The Swiss holiday airline is currently expanding. But during the pandemic, Chair also had to take advantage of state aid. This has consequences for the relationship with major shareholder Enter Air.

After the pandemic, Chair Airlines switched to growth. The Swiss leisure airline replaced an Airbus A319 with a larger A320. But it won’t stop there. He will also replace another A319 with an A320 and will also purchase another A320. With a total of four jets, the fleet will then be larger than ever.

Chair had suffered greatly in the Corona crisis. The airline, like many others, had to claim state aid. A spokesman told aeroTELEGRAPH that “as part of the hardship program, like all other airlines, they were entitled” to claim state aid. That’s what they did. Among other things, it is about a loan of half a million Swiss francs. Nevertheless, thanks to “very lean structures and strict cost management”, the crisis was “survived relatively well” compared to the competition.

Loan to Chair now classified as long-term

However, the state aid has consequences for the Chair’s major shareholder Enter Air. The Polish charter airline holds 49.9 percent. She had granted the Swiss participation a loan of 3.5 million dollars when she joined in 2019. This should actually have been repaid at the end of June 2021.

But the rules on Swiss state aid explicitly prohibit the repayment of loans to group companies before the state loan has been repaid.
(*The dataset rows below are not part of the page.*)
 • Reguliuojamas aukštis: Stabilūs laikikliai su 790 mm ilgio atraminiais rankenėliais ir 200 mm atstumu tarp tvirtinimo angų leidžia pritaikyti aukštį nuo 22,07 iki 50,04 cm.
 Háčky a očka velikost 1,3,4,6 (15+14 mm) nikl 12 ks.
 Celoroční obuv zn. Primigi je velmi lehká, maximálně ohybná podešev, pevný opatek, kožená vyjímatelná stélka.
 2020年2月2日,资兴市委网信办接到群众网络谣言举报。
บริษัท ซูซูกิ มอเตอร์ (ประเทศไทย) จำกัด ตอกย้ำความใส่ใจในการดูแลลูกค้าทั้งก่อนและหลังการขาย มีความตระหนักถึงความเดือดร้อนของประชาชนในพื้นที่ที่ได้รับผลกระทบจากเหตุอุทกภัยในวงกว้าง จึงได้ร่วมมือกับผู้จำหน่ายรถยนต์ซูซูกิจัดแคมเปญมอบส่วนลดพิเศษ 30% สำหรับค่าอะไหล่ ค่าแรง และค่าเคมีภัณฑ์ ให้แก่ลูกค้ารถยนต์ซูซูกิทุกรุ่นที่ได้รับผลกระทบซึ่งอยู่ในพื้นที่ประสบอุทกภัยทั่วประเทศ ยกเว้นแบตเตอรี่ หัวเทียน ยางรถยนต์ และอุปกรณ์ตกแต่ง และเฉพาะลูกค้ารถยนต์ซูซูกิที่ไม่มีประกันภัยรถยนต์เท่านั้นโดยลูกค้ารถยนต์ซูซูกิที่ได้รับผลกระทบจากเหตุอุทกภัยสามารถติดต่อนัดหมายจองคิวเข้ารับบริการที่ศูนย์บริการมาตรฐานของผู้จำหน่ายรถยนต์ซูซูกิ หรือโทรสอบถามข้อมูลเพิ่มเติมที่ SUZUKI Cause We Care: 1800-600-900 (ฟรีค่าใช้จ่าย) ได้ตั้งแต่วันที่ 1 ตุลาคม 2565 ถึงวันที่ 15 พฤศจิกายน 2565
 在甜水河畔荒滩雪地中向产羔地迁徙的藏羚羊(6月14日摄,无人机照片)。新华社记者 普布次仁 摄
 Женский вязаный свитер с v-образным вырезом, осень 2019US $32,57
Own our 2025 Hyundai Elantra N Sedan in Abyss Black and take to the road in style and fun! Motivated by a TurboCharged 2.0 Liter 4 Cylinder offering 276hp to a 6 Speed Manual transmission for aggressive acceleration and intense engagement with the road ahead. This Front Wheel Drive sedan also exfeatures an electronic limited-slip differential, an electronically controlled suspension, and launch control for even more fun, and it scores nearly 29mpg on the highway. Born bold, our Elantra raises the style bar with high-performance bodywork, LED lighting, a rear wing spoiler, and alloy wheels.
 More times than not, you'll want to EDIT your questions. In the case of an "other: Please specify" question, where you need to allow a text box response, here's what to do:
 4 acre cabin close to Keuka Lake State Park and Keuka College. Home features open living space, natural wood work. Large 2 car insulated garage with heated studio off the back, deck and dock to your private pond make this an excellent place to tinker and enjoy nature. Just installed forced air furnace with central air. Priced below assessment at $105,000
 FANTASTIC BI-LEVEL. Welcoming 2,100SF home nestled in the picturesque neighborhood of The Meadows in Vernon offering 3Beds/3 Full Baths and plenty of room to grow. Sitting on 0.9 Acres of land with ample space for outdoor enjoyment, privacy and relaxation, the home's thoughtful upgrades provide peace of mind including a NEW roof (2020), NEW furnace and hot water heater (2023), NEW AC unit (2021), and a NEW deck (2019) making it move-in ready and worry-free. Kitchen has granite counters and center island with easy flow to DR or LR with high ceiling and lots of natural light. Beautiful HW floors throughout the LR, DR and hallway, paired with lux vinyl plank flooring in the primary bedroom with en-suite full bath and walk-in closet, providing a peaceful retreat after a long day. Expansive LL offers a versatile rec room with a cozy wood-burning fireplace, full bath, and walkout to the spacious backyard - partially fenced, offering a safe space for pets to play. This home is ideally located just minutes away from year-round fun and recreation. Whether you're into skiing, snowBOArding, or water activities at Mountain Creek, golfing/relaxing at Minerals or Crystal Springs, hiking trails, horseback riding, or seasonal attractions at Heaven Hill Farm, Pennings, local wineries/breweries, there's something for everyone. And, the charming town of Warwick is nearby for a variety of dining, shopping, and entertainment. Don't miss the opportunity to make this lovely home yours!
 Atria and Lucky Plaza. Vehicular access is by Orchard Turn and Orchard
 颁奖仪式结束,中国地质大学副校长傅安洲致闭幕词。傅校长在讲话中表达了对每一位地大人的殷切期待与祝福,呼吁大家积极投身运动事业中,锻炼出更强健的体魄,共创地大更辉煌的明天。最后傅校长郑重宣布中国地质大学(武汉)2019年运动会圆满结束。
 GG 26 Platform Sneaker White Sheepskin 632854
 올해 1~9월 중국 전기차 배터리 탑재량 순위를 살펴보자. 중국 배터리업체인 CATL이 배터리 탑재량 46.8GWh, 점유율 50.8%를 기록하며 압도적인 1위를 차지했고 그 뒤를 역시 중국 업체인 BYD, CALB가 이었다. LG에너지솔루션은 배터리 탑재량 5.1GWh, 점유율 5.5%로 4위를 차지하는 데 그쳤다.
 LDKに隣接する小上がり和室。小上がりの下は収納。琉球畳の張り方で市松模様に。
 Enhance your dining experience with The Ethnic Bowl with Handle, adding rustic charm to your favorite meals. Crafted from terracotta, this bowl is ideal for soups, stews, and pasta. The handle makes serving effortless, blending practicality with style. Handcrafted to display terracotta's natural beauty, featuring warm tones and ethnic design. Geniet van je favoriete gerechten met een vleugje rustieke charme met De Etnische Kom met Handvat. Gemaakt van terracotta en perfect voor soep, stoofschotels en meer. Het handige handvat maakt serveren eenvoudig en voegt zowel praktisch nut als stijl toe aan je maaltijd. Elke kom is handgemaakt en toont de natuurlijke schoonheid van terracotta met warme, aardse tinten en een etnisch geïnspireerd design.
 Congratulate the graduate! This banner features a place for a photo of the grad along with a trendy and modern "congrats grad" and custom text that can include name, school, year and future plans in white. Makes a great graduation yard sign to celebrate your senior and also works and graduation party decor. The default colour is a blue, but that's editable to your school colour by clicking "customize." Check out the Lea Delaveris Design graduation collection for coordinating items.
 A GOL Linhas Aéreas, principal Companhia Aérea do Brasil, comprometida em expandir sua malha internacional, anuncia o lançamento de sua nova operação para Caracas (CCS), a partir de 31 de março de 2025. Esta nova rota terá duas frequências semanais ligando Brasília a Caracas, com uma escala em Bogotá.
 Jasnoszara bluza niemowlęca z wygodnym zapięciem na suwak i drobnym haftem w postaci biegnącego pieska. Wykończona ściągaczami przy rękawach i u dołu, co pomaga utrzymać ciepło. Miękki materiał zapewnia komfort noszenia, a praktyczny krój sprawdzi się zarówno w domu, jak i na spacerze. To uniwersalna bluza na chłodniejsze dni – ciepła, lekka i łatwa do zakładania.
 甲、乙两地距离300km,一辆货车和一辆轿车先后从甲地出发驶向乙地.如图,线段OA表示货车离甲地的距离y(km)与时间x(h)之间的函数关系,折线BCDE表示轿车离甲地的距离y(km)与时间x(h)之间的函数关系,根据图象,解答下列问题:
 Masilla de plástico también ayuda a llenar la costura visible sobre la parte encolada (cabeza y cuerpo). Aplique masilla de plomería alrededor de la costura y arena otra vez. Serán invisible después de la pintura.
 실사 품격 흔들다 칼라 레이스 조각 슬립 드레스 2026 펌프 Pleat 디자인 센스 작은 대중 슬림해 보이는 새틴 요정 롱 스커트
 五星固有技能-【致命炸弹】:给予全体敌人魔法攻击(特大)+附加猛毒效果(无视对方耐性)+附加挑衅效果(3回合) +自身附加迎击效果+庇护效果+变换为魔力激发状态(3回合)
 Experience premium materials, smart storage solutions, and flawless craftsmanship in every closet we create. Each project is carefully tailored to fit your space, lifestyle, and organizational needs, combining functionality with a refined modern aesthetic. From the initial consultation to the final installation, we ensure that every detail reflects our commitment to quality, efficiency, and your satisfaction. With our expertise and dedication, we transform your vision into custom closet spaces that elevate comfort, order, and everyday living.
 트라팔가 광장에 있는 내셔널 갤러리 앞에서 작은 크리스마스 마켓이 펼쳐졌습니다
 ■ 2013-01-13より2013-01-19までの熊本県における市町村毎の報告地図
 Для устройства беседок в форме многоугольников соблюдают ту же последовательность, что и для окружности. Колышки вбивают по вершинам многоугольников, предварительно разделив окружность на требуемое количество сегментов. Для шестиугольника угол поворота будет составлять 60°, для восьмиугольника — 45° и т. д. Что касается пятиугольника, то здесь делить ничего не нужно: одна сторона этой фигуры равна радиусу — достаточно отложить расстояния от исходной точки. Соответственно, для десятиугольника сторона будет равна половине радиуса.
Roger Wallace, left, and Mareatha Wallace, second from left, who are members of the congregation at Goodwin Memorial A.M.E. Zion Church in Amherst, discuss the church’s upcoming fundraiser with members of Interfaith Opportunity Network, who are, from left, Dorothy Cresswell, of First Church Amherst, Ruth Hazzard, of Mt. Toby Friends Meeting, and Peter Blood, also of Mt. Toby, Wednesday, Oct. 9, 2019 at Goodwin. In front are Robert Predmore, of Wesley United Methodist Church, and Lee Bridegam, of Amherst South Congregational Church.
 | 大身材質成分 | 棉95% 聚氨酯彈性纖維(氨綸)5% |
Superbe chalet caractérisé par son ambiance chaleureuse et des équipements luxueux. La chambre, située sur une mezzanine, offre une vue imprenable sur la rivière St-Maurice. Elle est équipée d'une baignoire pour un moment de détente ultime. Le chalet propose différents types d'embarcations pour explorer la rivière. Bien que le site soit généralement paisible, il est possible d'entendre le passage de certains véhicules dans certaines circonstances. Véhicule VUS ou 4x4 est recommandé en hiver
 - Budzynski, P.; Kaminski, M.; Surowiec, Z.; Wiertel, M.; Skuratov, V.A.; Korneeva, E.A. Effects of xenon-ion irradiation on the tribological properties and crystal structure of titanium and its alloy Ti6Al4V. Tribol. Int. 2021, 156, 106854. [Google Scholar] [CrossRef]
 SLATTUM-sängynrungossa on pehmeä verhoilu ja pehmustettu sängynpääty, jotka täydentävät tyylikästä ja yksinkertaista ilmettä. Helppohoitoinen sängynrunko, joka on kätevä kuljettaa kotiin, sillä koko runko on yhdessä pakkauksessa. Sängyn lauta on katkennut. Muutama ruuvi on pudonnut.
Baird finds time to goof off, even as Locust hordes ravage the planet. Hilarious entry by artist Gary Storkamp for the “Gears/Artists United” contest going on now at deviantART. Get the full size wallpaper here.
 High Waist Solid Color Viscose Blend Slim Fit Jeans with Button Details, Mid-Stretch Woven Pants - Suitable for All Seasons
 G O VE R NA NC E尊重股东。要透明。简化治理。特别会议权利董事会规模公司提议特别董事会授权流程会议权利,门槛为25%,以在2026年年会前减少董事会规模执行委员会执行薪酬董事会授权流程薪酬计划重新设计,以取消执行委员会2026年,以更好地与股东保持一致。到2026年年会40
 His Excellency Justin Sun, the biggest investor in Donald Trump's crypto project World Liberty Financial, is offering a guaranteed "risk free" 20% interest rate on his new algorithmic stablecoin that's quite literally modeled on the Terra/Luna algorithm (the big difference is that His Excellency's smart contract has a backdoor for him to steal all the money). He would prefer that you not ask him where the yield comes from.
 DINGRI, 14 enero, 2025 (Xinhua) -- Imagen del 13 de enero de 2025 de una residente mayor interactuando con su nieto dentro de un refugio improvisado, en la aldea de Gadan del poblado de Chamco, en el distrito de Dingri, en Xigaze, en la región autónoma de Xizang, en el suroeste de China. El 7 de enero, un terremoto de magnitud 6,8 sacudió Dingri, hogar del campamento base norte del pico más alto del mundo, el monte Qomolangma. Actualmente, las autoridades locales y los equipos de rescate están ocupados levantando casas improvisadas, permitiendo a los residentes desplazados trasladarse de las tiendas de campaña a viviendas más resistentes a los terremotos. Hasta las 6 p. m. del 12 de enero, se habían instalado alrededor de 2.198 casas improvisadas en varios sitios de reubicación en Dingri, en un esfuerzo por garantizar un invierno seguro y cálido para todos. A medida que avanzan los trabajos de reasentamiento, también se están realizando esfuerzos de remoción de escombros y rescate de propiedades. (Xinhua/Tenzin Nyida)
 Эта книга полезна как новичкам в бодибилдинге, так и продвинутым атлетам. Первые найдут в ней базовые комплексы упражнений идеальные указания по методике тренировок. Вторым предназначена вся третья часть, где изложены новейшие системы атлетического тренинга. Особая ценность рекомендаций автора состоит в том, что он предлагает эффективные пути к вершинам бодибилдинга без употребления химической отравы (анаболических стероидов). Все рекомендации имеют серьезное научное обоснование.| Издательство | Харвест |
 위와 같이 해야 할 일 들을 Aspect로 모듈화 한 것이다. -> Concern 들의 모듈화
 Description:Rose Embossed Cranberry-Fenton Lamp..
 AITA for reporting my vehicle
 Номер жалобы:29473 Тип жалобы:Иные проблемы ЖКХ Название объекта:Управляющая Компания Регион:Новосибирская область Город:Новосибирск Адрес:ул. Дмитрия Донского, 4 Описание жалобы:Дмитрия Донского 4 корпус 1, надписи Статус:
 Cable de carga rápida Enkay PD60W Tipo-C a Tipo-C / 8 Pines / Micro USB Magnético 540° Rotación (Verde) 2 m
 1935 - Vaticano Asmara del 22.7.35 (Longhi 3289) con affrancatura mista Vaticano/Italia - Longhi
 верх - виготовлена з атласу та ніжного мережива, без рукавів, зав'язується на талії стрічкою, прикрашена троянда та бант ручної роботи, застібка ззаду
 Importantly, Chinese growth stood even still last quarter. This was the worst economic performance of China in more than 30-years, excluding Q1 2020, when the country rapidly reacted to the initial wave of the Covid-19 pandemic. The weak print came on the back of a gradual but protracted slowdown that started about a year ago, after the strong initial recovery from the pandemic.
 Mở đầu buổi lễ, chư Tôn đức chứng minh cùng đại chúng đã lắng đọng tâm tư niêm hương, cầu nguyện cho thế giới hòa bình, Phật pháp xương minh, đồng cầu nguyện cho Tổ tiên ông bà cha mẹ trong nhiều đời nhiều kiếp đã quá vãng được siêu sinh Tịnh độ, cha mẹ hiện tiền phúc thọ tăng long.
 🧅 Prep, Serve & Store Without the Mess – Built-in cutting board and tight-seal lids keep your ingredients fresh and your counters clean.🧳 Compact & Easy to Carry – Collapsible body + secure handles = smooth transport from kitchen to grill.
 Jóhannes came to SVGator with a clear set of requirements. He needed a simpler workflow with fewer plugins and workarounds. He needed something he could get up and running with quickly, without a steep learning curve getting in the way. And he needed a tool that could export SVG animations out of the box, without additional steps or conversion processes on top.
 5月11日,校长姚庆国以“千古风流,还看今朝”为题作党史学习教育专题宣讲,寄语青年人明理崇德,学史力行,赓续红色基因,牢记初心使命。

Enter Air has therefore granted Chair an extension of the deadline and reclassified the loan, which bears 5 percent interest, as “long-term” in its balance sheet. “The exact repayment date is an internal agreement,” said the spokesman.

No search for a new investor

And something else has changed. Enter Air has the right to increase its stake in Chair from 49.9 percent to 80 percent. “We definitely want to exercise the call option,” said Commercial Manager Andrzej Kobielski to aeroTELEGRAPH in 2019. The Poles no longer want to do this, as stated in their annual report. There are no plans to “exercise this right” because the option “is only viewed as a protective right”. This has now been extended.

“Due to the pandemic situation and the exceptional circumstances of the past two years, it was mutually agreed to extend the option,” said the spokesman. Despite this, Chair is not looking for a new investor.